Here are my concerns regarding the review.
Major Comments:
- While the review is very thorough, there is lack of well-framed hypothesis. Writing the content around a framework will enhance clarity and structure. May be a figure depicting the interaction of gut-lung and their impact on PAH progression will be helpful too.
Thank you for this suggestion. At the end of the introduction, we have added the following text: “The overarching hypothesis is that gut dysbiosis leads to increased systemic inflammation and progression of PAH and/or RV dysfunction (Figure 2).” Furthermore, we have now added the below figure (Figure 2) to depict the possible interaction of the gut microbiome and PAH pathogenesis.

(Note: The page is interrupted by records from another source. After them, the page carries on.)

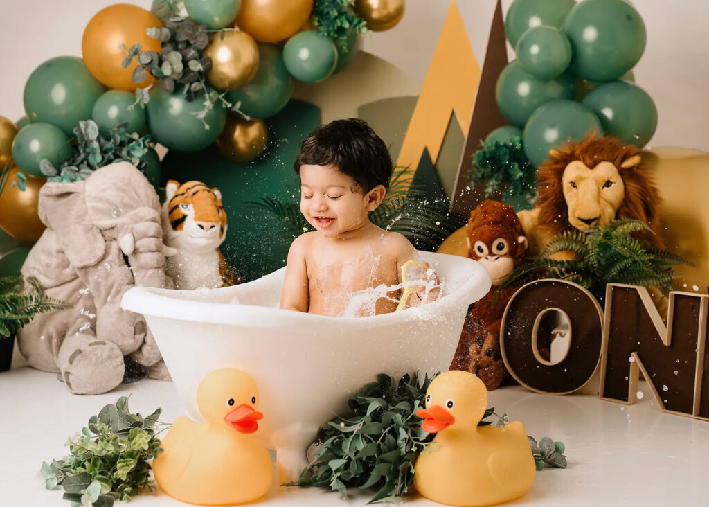 Portrait photos+ Cake smash photos + Bath Photos in cute bath tub
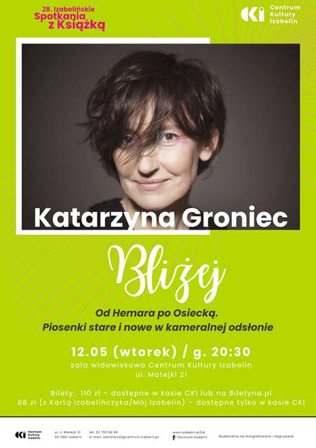 W ramach 28. Izabelińskich Spotkań z Książką zapraszamy na koncert Katarzyny Groniec pt. „Bliżej” w sali widowiskowej Centrum Kultury Izabelin.
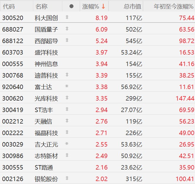 国泰海通证券研报表示,量子计算已成为最具颠覆性的前沿技术之一,根据IBM和中国信通院报告来看,量子计算目前还处于早期技术攻关阶段,预计未来5到10年有可能出现实质性进展。量子安全在应用领域还处于起步阶段,但未来的发展空间很大。中国在QKD量子安全领域处于领先地位,已经形成了以QKD技术为核心的较为完整的量子保密通信产业链。量子测量产业当前则已进入多元化发展周期。

- Although microbial metabolites like SCFAs and TMAO are well covered but fundamental molecular mechanism linking these metabolites to inflammation, vascular remodeling, and heart dysfunction are not sufficiently included.
We thank the reviewer for this comment. In our review, we summarize the data linking the microbial metabolites, SCFAs and TMAO, to inflammation in pulmonary arterial hypertension. Buytrate’s anti-inflammatory (PMIDs: 28654658, 31759015, 32476236, 28802151, 24226770) and TMAO’s pro-inflammatory effects (PMIDs: 26903003, 28871042, 28153917) have also have demonstrated in other disease states. At this time, the microbiome research field has not clearly delineated all of the fundamental mechanism(s) linking these metabolites to inflammation (and subsequently to vascular remodeling and cardiac dysfunction) and we believe that this discussion is beyond the scope of our review.

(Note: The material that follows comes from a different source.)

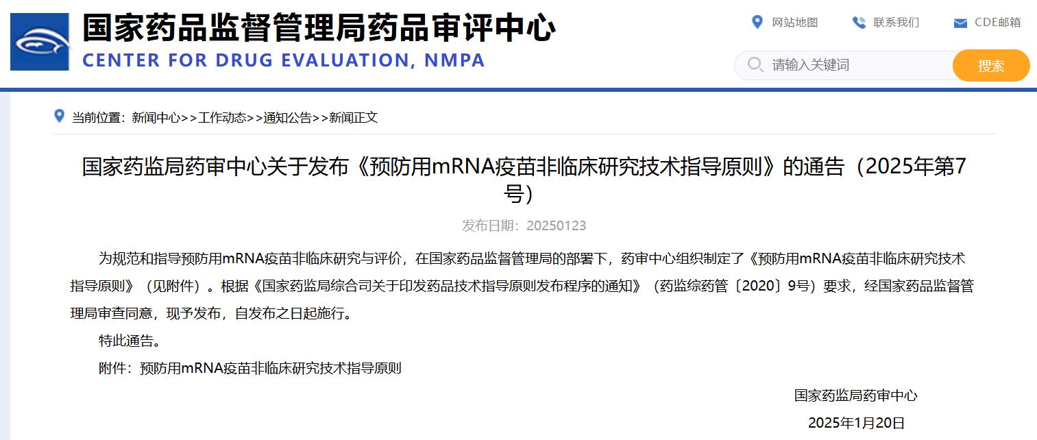 國(guó)家藥監(jiān)局藥審中心關(guān)于發(fā)布《預(yù)防用mRNA疫苗非臨床研究技術(shù)指導(dǎo)原則》的通告(2025年第7號(hào))

- Inclusion of clinical trial going on related to the study along with practical challenges to translating microbiome-targeted therapies can also be discussed.
In the “Potential Approaches to Modulate the Gut-Lung Axis to Treat PAH”, we discuss the ongoing clinical microbiota transplant trial and describe the challenges of translating microbiome-targeted therapies: “Challenges to translating preclinical findings to PAH patients include genetic factors, age, sex, concomitant chronic diseases, and different environmental exposures68 (medications, diet, timing of eating, toxin use, chemicals in environment/products, hygiene, air pollution, daylight exposure, etc.). Fetal/maternal or perinatal microbiota exposures may also complicate the efficacy of microbiota clinical trials”
Minor Comments:
- Is PH and PAH different? If not, please be consistent throughout the article.
Thank you for this feedback. There are five World Health Organization (WHO) groups of pulmonary hypertension (PH) and PAH is Group 1 PH. We mostly focus on WHO group 1 PH or PAH but also describe some studies supporting the role of the microbiome in other types of PH (e.g. PH due to hypoxia which is known as Group 3 PH). We have added the following to the end of the introduction: “While there are five broad World Health Organization (WHO) groups of pulmonary hypertension (PH), which are defined by a mean pulmonary artery pressure ≥20 mmHg[14], we primarily focus on WHO group 1 PAH and Group 3 PH (PH secondary to lung disease) in this review.”
Additionally, we have carefully gone through our manuscript to mention “PAH” when discussing Group 1 PH and “PH” when considering other types of PH.
Author Response File: Author Response.pdf
Round 2
Reviewer 3 Report
Comments and Suggestions for AuthorsThank you for your thorough revisions. The authors have addressed all comments thoughtfully and the manuscript has improved significantly.